Хоть мы и были детьми, но жизнь на каждом шагу давала нам почувствовать разницу между бедностью и богатством, и постепенно мы стали сторониться друг друга. Сторониться первым стал, пожалуй, я. Ведь Мэгуми еще не знала, что я «кусочник» и ем объедки, что мой отец служит в обозе, а это считается последним делом у солдат. Она могла узнать об этом, и мне становилось неприятно. Я не любил играть в доме Мэгуми, на втором этаже, и ей никогда не догадаться о причине этого: оттуда, сверху, хорошо видна была наша покосившаяся низенькая хижина с соломенной крышей, залатанной циновками в тех местах, где просачивался дождь.
3
И вот мой отец вернулся домой.
Почти одновременно с ним вернулся и дядя.
По соседству с нашим домом, в большом здании праздновали возвращение с победой.
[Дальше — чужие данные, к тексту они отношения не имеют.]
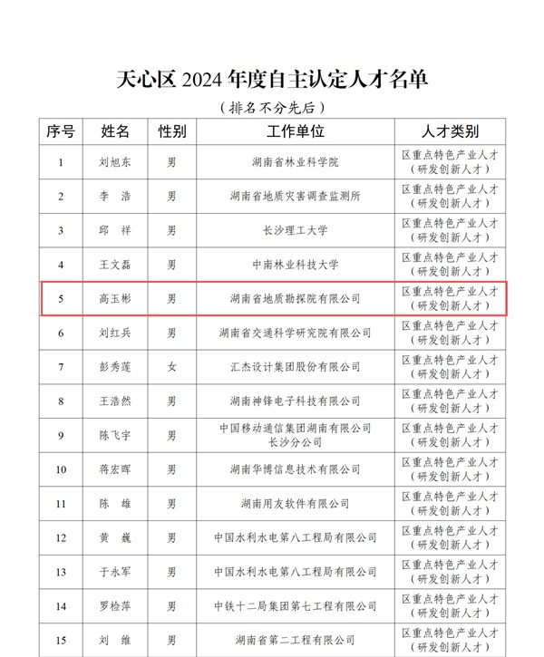 人才成就事业,事业造就人才。高玉彬获此荣誉,不仅是对其科研创新水平的高度认可,也是对省物化所科技创新能力、服务区域经济发展担当的肯定。这将激励省物化所以科技创新需求为牵引,提升地质人才自主培养水平,持续追求卓越、勇于创新,为天心区乃至全省的科技进步与产业发展贡献力量。
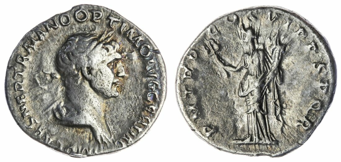 (x) Trajan (98-117), AR Denarius, 7h, Rome, struck AD 114-117, IMP CAES NER TRAIANO OPTIMO AVG GER DAC, laureate and draped bust right, rev. P M TR P COS VI P P SPQR, Felicitas standing left, holding caduceus and cornucopiae (BMCRE 541; RIC 343; Cohen 278; RSC 278), toned, fine
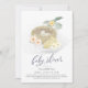This cute girl baby shower invitation features a bird's nest with eggs, a blue bird, and chicks with floral/flowers in watercolor on a white background. The reverse side features a light apricot/orange pink background with white polka dot patterns. Change the background colour on the back and personalise it for your needs. You can find matching products at my store.
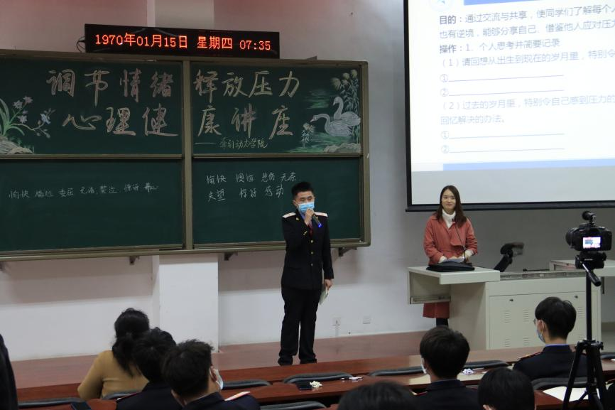 加强大学生心理健康教育,是落实立德树人根本任务的必要措施。2022年3月21日晚,牵引动力学院在105阶梯教室为各班心理委员开展了“调节情绪,释放压力”心理健康讲座,本次讲座邀请到了马克思主义学院心理教研室主任李慧静老师作为主讲人,活动由团总支书记杨若老师主持。

Три дня в нашем доме слышно было, как гремит барабан и звучит самисэн1.
Отец сильно изменился за два минувших года. Он стал еще более смуглым и костлявым. С нами, детьми, ой был ласков, как посторонний гость. В старом черном хаори2 с фамильными знаками он был в центре внимания собравшихся. В ответ на поздравления он все время только смеялся. Поздравить отца пришли и знатные люди.
1 Самисэн — японский трехструнный музыкальный инструмент.
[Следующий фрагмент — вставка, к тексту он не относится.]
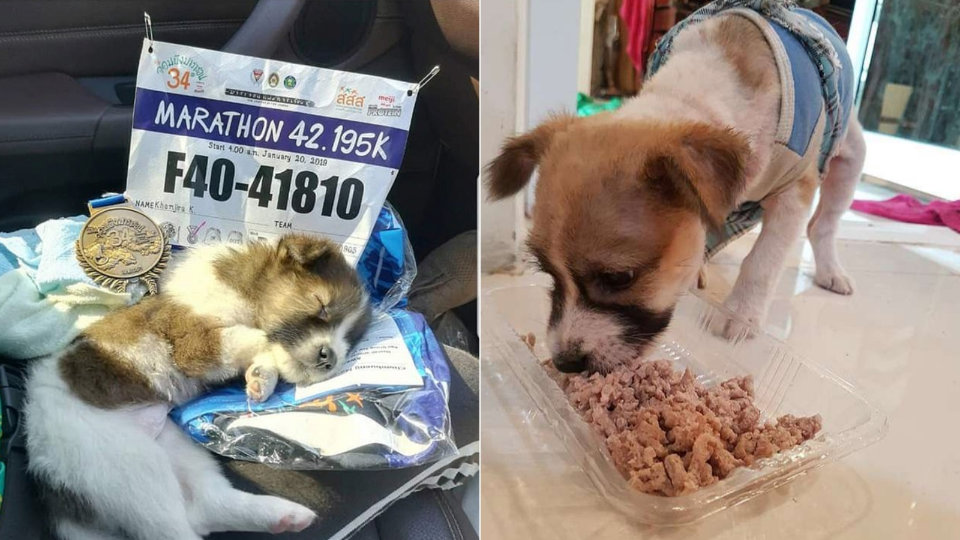 Khemjira tried to find the owner of the puppy when she crossed the finish line but without success. She took him home and appealed again to the owner to come forward, but has not had any contact.

2 Xаори — верхняя короткая накидка.
Староста, заглянувший ненадолго, оказал нам большую честь своим приходом, и отец очень смутился, когда он произнес:
— Благодарю, благодарю за службу... С победой! Ты послужил во славу его величества.
В те дни многие односельчане заходили поздравить отца. Зашел и дедушка из семьи Мэгуми. И мне это было особенно приятно.
Минуло полгода как окончилась война, и за это время несколько семей в деревне праздновали благополучное возвращение своих близких.
Нередко мне случалось ходить с отцом на эти празднества, неся в руках легкие плетеные корзинки с едой и бутылку сакэ.
Вместе с отцом, который прикрепил к груди орден «Листья белой павлонии» и военную медаль, я был в храме Хоммёдзи. Перед храмом, где собралось множество народа, совершалась торжественная церемония поздравления с победой. Несколько женщин, одетых в солдатскую форму, с красными от выпитого сакэ лицами, размахивая мечами и крича: «Банзай! Банзай!» — устремились к месту торжества. Нарушив строй, офицеры, поглаживая усы, стали обнимать этих женщин.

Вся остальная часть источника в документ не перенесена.